Dovevo — quindi — partire. Ma con chi? Il babbo impelagato negli affari della tipografia, non poteva accompagnarmi di certo.
La mamma! Possibile! Coi suoi dolorini reumatici e il nervoso che quando la pigliava sul serio, la faceva piangere e ridere come una grulla, poteva esporsi ai rischi e alle vicissitudini d’un viaggio? 1
Mandarmi con l’Egle! Prima di tutto essa aveva delle ottime ragioni per non volersi muovere da Firenze: eppoi se veniva via anche lei chi avrebbe badato alla mamma?
E allora?
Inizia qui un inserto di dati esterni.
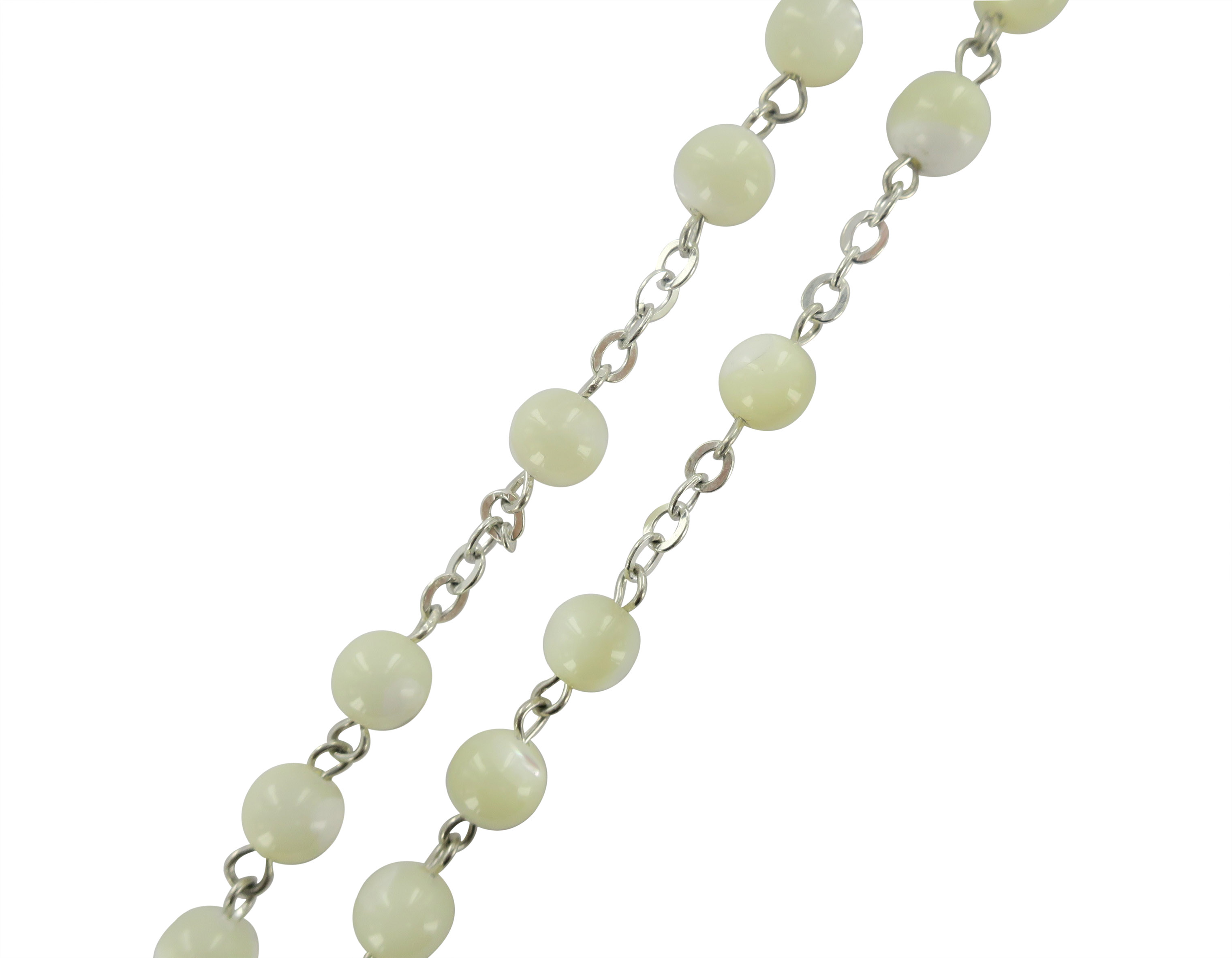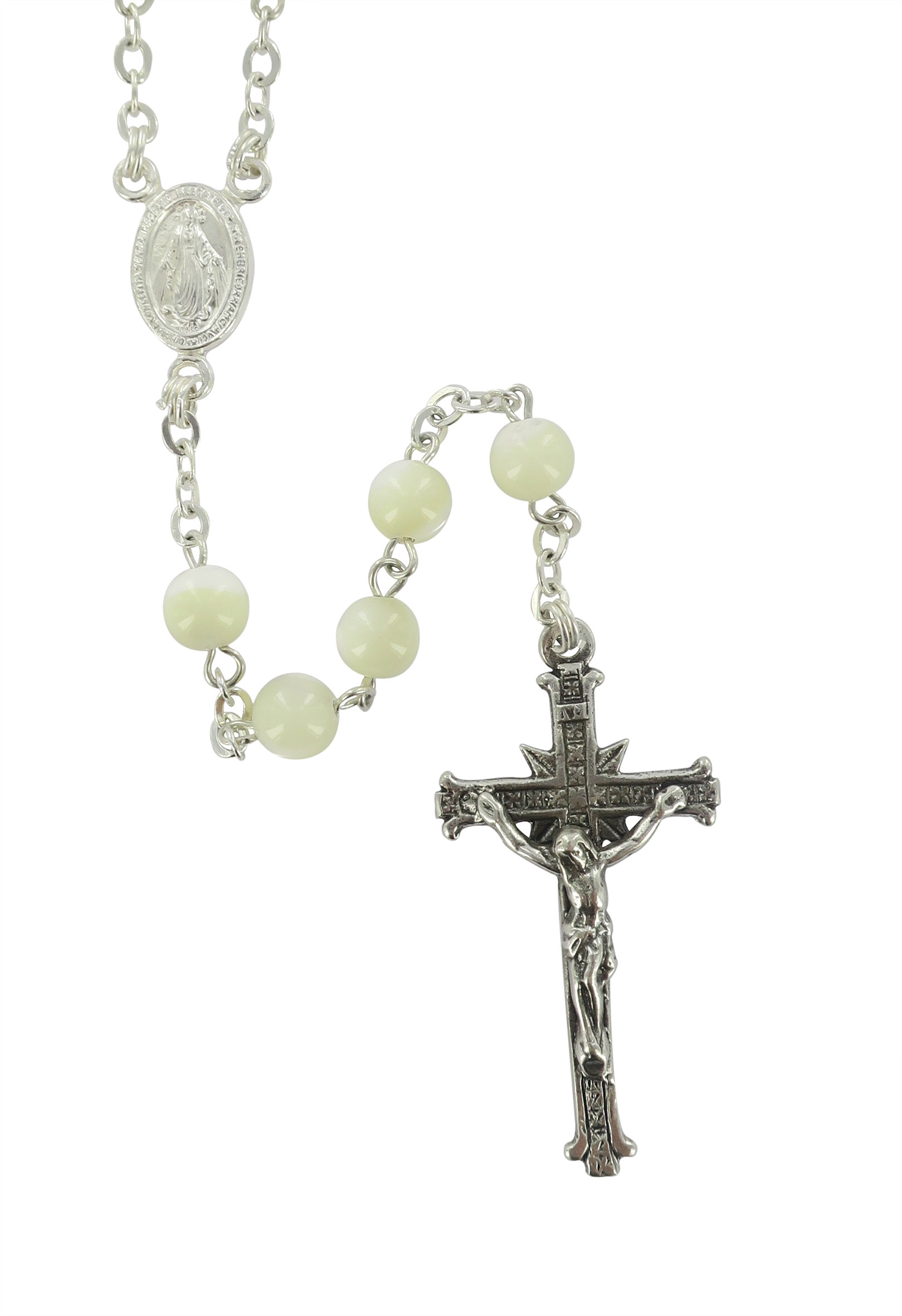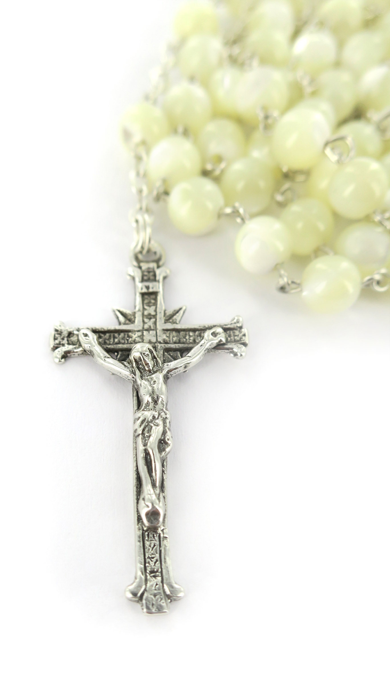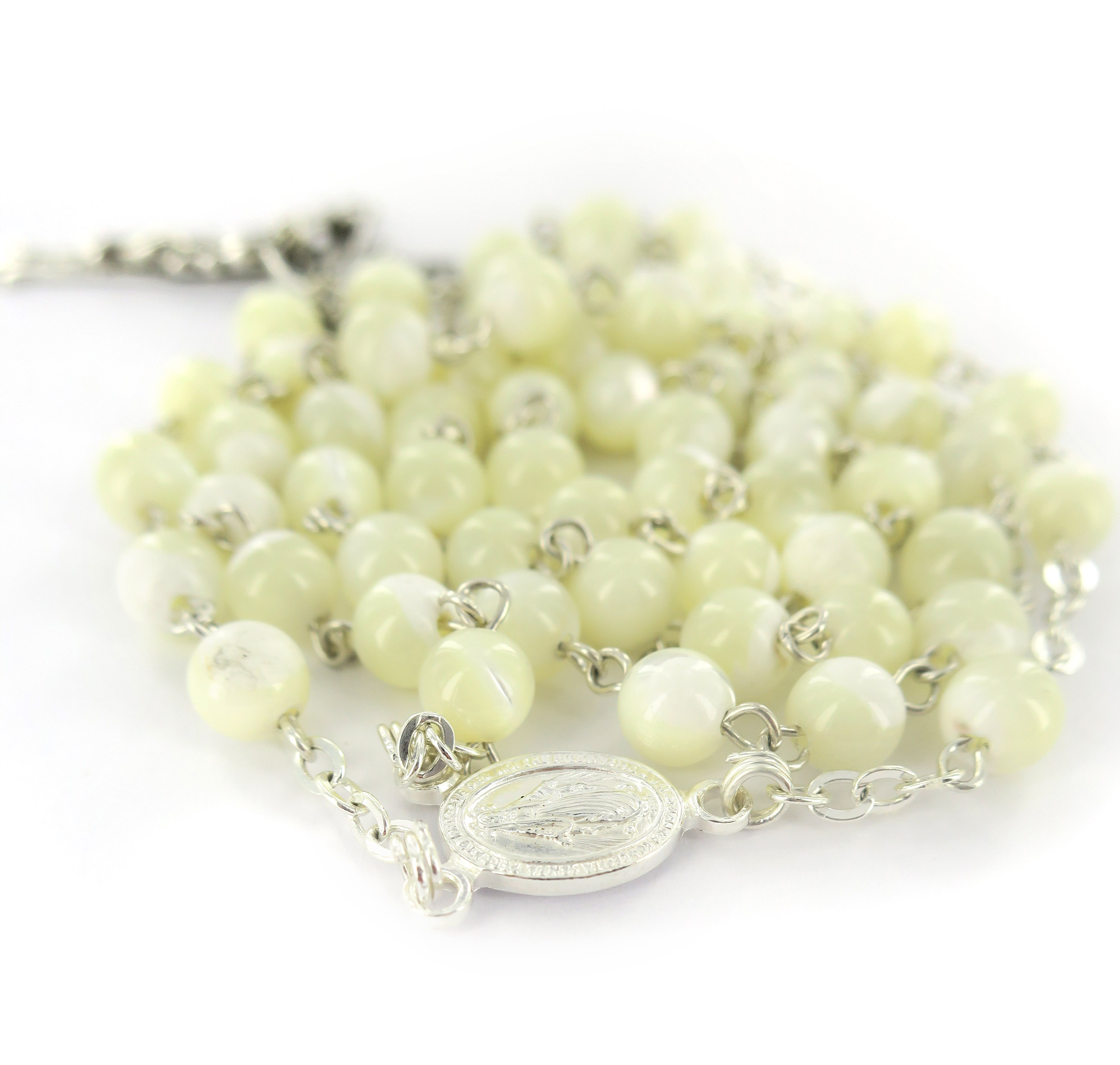 Rosario in argento con grani tondi in vera madreperla da Ø 5 mm

Allora veniva deliberato a unanimità di voti che sarei partita col Carmagnini, il procaccia che aveva la rimessa a Firenze in Piazza delle Cipolle 2 e che partiva per Prato con la sua grande, pencolante e vetusta diligenza, due volte la settimana, il martedì e il venerdì, giorni di mercato.
La mamma aveva conosciuto il Carmagnini fin da quando era ragazza e andavano insieme alla dottrina, dal priore di San Domenico: quindi sapeva che era un uomo serio, da non compromettersi, tale insomma da potergli affidare una creatura con tutta sicurezza.